Jan. 26, 2021 - 10:21 By Yonhap
Students at the IEM School in Daejeon, 164 kilometers south of Seoul, who contracted COVID-19 board a bus to be transported to a treatment facility in a nearby city on Monday. (Yonhap)
State and local health authorities on Tuesday were cautiously tracing and monitoring the development of a mass coronavirus outbreak at an unauthorized missionary training school in Daejeon, as cases linked to the school and its operator were being reported in other regions.

The IEM School in the central city, located 164 kilometers south of Seoul, experienced a cluster outbreak over the weekend, with the number of infected students and faculty members from the facility reaching 133 as of Tuesday.

The school has an infection rate of 93.3 percent so far among its 158 students and faculty members.

The school is run by a missionary society called IM, which owns a sprawling network of over 20 other similar education facilities throughout the country.

Authorities are especially concerned as students enrolled at the IEM School are not only based in Daejeon but come from all regions, with many of them traveling to their homes over the weekend after spending weekdays at the school's crammed dormitory.
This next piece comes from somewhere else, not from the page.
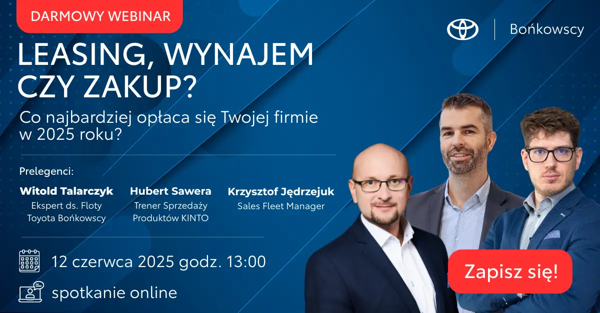 Od 2003 roku z przyjemnością towarzyszymy naszym Klientom w podróży po świecie Toyoty. Nie tylko jesteśmy największym dealerem w Wielkopolsce, ale również z dumą obsługujemy firmy na arenie ogólnopolskiej. Naszym celem jest nie tylko dostarczanie samochodów, ale przede wszystkim budowanie trwałych relacji opartych na profesjonalizmie i pełnym zrozumieniu indywidualnych potrzeb każdego Klienta. Nasz doświadczony zespół doradców pozostaje do Twojej dyspozycji, by pomóc Twojej firmie w zakupie nowoczesnej, ekologicznej i niezawodnej floty. Chcemy być Twoim partnerem nie tylko w podróżach, ale także w codziennych wyzwaniach biznesowych.
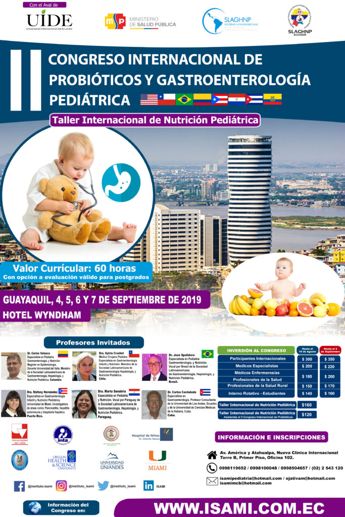 Es por ello que presentamos a usted (es) II CONGRESO INTERNACIONAL DE PROBIÓTICOS Y GASTROENTEROLOGÍA PEDIÁTRICA con el Aval Internacional de La Sociedad Latinoamericana de Gastroenterología, Hepatología y Nutrición Pediátrica SLAGHNP

The concerns are becoming a reality, as 40 additional people from the IEM School tested positive while visiting Hongcheon, a city in the nearby Gangwon Province, during a trip to a religious facility there.

The group has stayed in Hongcheon since Jan. 16 and was found to have visited around 30 local stores, stoking concerns of potential additional community transmissions.

The two adult supervisors of the group reportedly failed to take proper measures when two students initially showed symptoms, merely offering them fever reducing medicine and continuing with the trip.

TCS Ace International School, a separate missionary training school also owned by IM, located in Gwangju, 329 kilometers southwest of Seoul, has also seen an outbreak, with the number of linked cases reaching 31.

Another TSC branch school in Anseong, south of Seoul, also reported two confirmed patients, while a TCS facility in the nearby city of Yongin has also reported 12 cases.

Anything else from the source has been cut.